After locating the line that contains "荷物をトランクに入れて、座席" in the data below, set down exactly that line and each one after it through the line that contains "Ovo je mnogo", and nothing more.

++++ Dataset records

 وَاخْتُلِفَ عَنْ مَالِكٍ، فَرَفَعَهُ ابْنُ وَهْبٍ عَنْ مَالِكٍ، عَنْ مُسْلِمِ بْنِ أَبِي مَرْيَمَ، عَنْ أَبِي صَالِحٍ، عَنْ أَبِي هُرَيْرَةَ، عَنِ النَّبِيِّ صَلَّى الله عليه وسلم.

++++++++
++++ Dataset records

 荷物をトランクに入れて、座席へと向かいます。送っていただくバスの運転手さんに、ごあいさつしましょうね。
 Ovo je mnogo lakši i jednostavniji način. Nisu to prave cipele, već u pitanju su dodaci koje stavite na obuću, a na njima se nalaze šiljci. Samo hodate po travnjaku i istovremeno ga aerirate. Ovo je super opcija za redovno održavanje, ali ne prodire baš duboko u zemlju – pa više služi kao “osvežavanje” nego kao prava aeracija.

++++++++

■ Written response:
 荷物をトランクに入れて、座席へと向かいます。送っていただくバスの運転手さんに、ごあいさつしましょうね。
 Ovo je mnogo lakši i jednostavniji način. Nisu to prave cipele, već u pitanju su dodaci koje stavite na obuću, a na njima se nalaze šiljci. Samo hodate po travnjaku i istovremeno ga aerirate. Ovo je super opcija za redovno održavanje, ali ne prodire baš duboko u zemlju – pa više služi kao “osvežavanje” nego kao prava aeracija.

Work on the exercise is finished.